By Crikey reporter Lucy Morieson
With media coverage of The Latham Diaries at saturation point, another book picking apart the ALP’s time in opposition is about to hit shelves. You might have noticed extracts from Fairfax journalist Annabel Crabb’s new book, Losing It, to be released by Picador on Wednesday.
And while the timing was certainly fortuitous for her employers, Crabb says the book’s release was not planned to coincide with The Latham Diaries. In fact, Crabb wasn’t aware of the existence of Latham’s memoirs until her book was already in progress, and a number of publishing hiccups delayed the original release date, she says, making it ” just one of those blessed coincidences.”
Losing It is not a book about Latham, says Crabb – rather, it’s a “warts and all” history of Labor’s time in opposition. But it ends with Latham’s resignation, and his time as leader clearly becomes “one of the most controversial parts of that history.”
Crabb says she interviewed hundreds of ALP figures for the book, with one notable exception – M Latham – who she says was the “only recent leader who didn’t cooperate.” It was clear he was interested in telling his story his own way, she says – “and my God, he did.”

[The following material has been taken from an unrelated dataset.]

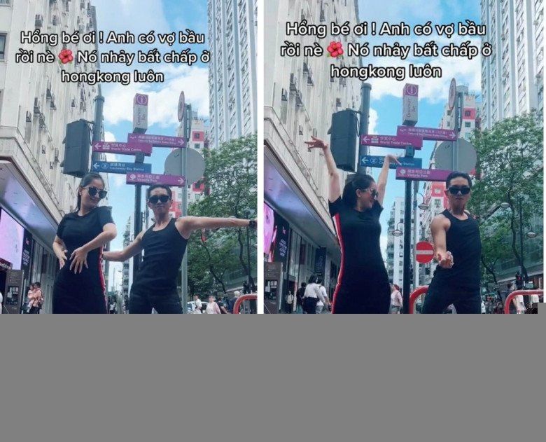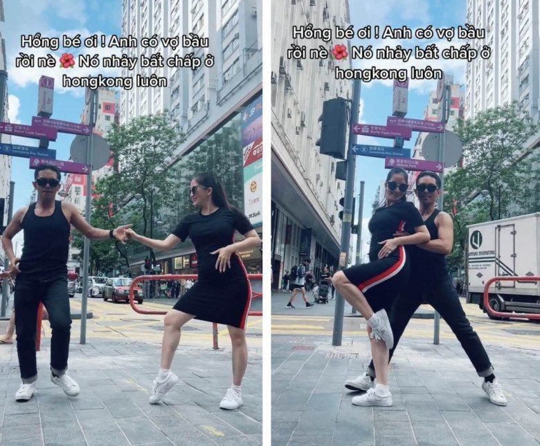 Nhắc tới "vũ điệu bụng bầu", nhiều người nghĩ đến màn "nhảy bất chấp" của vợ chồng Khánh Thi - Phan Hiển ở Hong Kong. Theo đó, dù bụng bầu đã khá lớn, Khánh Thi vẫn mặc váy ôm, thoải mái thể hiện nhiều động tác khó với ông xã.

As her employer, Fairfax always had “first dibs” on any extracts from the book, but it “wasn’t a planned assault” on the Latham Diaries. Had the book been released by Cambridge University Press, who commissioned Crabb to write it in the first place, the story may have been different. But Cambridge and Crabb had a “parting of ways” after the publisher felt that some of the content didn’t “fit their profile” as a university publisher. Interesting, given that Melbourne University Press was prepared to release Latham’s account, which Crabb says is far more colourful.